In Wisconsin, the legislature has voted to reinstate work search requirements for people receiving unemployment insurance, and declined Governor Evers’ proposal to add $15 million to the state’s unemployment system, as well as a proposal to add $28 million to worker training programs. Meanwhile, Republicans in the legislature have made moves to eliminate the $300 supplement from the federal government for UI.

[Gov. Evers says he disagrees with these actions but has not promised to veto the rollback of these pandemic unemployment programs. The evidence of these programs, however, . . . ]
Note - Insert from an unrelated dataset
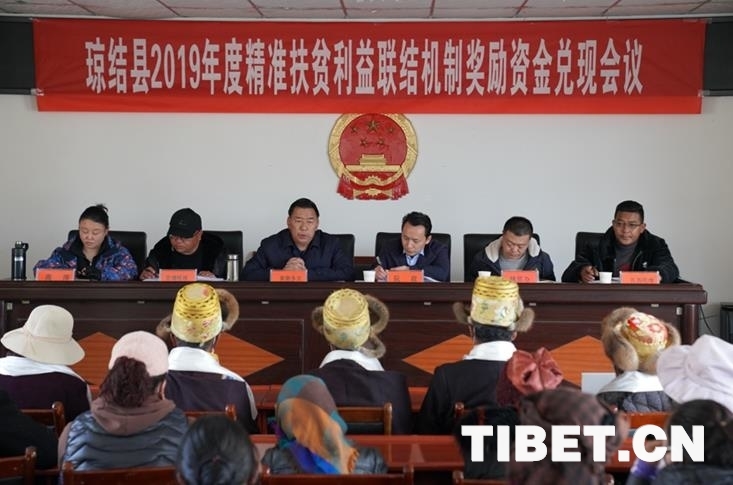 原來瓊結縣2019年度精準扶貧利益聯(lián)結機制獎勵資金兌現(xiàn)會正在瓊結縣瓊結鎮(zhèn)政府三樓會議室舉行。

“Unemployment rates in Wisconsin don’t support the overdrawn and quite dramatic, self serving conclusion that there are a bunch of people sitting on the sidelines who are ready to go to go to work in otherwise low wage, no benefit, insecure, crappy jobs if $300 a week, supplemental unemployment benefits were eliminated,” said Peter Rickman, president of MASH. At the same time, Rickman sees the current economic landscape as an opportunity for workers. ​“The way the labor market is constructed right now is such that the balance of power instead of being wholly and entirely in favor of the boss class, has had a slight tipping towards the working class,” he said.

Senator Melissa Agard (D‑16th District) argues that cutting UI won’t put people back to work as much as it would harm struggling families. ​“It’s really unfortunate that my Republican colleagues in Wisconsin are continuing down the same path that they were on pre-pandemic: making it harder for people to be able to get ahead and take care of themselves and their families,” Agard told In These Times. ​“Folks are having a hard time finding people for jobs primarily because they’re not paying people a living wage, or respectable wage to do those jobs.”

One final point to keep in mind is that Wisconsin’s unemployment system has a partial wage formula (not offered in most states) that means unemployment and work are NOT mutually exclusive. Many unemployed folk can and do work part-time while still receiving unemployment benefits.